### [WHAT TO PRODUCE]
From the line that has "In addition, cluster" down to the last line of the data below, set down every line exactly, but none of the pictures.

### [DATA EXCERPT]
★ ★ ★ ★

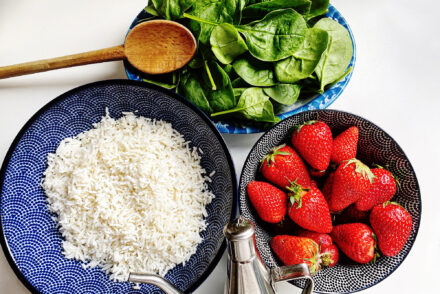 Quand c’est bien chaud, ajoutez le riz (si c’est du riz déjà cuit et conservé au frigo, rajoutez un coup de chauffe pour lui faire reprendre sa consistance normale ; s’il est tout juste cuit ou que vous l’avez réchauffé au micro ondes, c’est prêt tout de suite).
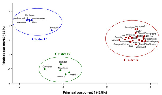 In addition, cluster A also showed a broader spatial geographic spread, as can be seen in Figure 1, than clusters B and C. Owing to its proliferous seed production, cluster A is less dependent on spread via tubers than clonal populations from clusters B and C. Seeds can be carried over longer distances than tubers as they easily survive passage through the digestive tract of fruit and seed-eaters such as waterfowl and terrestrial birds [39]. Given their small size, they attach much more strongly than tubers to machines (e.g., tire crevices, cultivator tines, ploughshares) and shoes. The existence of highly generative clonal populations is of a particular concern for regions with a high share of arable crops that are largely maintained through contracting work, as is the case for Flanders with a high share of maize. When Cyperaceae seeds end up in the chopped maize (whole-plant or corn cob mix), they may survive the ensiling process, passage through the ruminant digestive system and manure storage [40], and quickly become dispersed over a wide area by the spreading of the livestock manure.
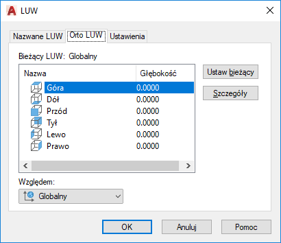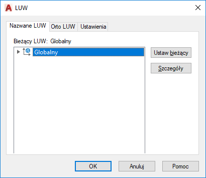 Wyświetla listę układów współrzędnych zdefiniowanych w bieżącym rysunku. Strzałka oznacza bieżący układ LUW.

★ ★ ★ ★

### [SOLUTION TO THE PROBLEM]
 In addition, cluster A also showed a broader spatial geographic spread, as can be seen in Figure 1, than clusters B and C. Owing to its proliferous seed production, cluster A is less dependent on spread via tubers than clonal populations from clusters B and C. Seeds can be carried over longer distances than tubers as they easily survive passage through the digestive tract of fruit and seed-eaters such as waterfowl and terrestrial birds [39]. Given their small size, they attach much more strongly than tubers to machines (e.g., tire crevices, cultivator tines, ploughshares) and shoes. The existence of highly generative clonal populations is of a particular concern for regions with a high share of arable crops that are largely maintained through contracting work, as is the case for Flanders with a high share of maize. When Cyperaceae seeds end up in the chopped maize (whole-plant or corn cob mix), they may survive the ensiling process, passage through the ruminant digestive system and manure storage [40], and quickly become dispersed over a wide area by the spreading of the livestock manure.
 Wyświetla listę układów współrzędnych zdefiniowanych w bieżącym rysunku. Strzałka oznacza bieżący układ LUW.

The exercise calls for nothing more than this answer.